▸ Supplied information:
┌──

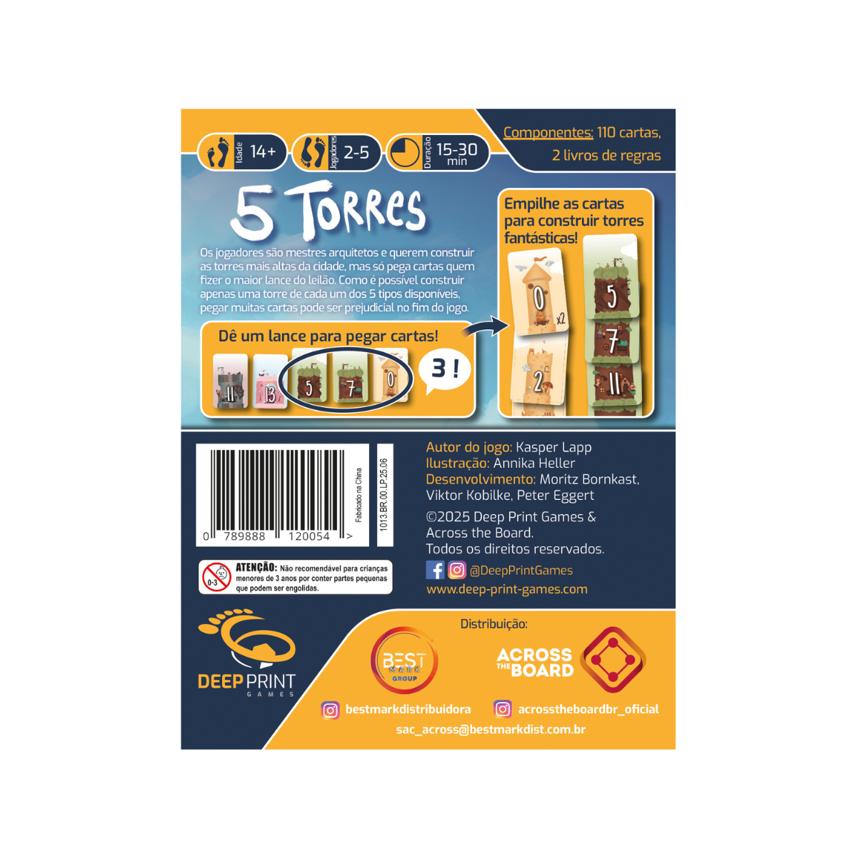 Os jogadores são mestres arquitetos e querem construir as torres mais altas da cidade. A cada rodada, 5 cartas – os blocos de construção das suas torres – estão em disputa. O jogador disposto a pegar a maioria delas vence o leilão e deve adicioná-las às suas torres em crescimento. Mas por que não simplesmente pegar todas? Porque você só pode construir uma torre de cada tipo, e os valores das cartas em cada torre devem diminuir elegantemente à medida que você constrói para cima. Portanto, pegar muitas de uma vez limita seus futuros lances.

└──
┌──

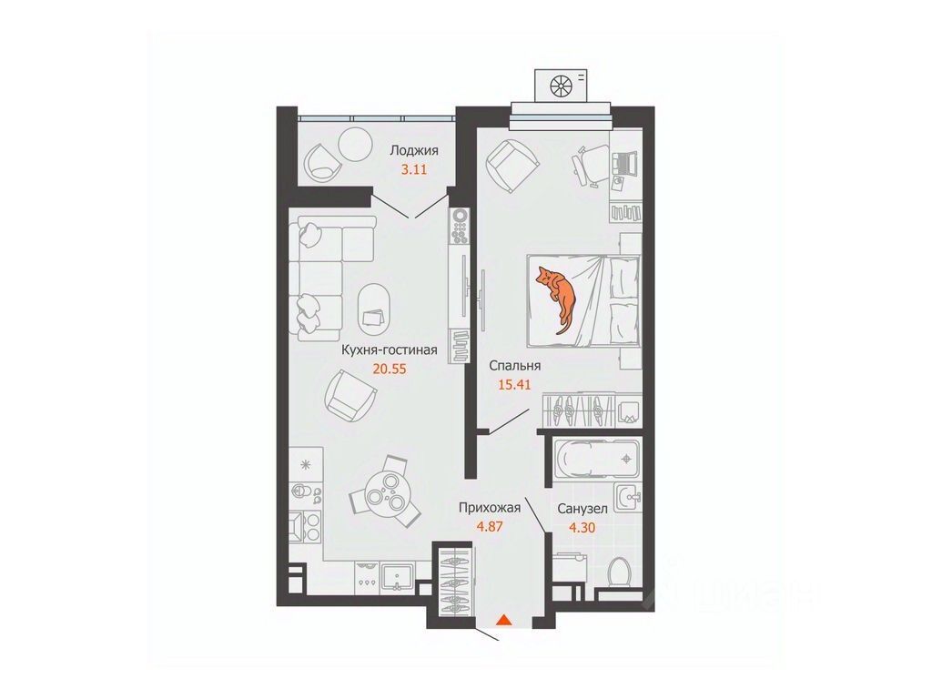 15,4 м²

└──
┌──

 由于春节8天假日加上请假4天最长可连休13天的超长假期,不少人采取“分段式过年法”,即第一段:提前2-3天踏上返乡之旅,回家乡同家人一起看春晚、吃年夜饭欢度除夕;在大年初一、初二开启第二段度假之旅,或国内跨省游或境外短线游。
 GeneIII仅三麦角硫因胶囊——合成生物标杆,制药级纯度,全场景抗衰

└──

From the material above, set down exactly the lines starting at the one with "由于春节8天假日加上请假4天" and ending at the one with "GeneIII仅三麦角硫因胶囊——合成生物标杆,制药级纯度,全场景抗衰", end lines included.

 由于春节8天假日加上请假4天最长可连休13天的超长假期,不少人采取“分段式过年法”,即第一段:提前2-3天踏上返乡之旅,回家乡同家人一起看春晚、吃年夜饭欢度除夕;在大年初一、初二开启第二段度假之旅,或国内跨省游或境外短线游。
 GeneIII仅三麦角硫因胶囊——合成生物标杆,制药级纯度,全场景抗衰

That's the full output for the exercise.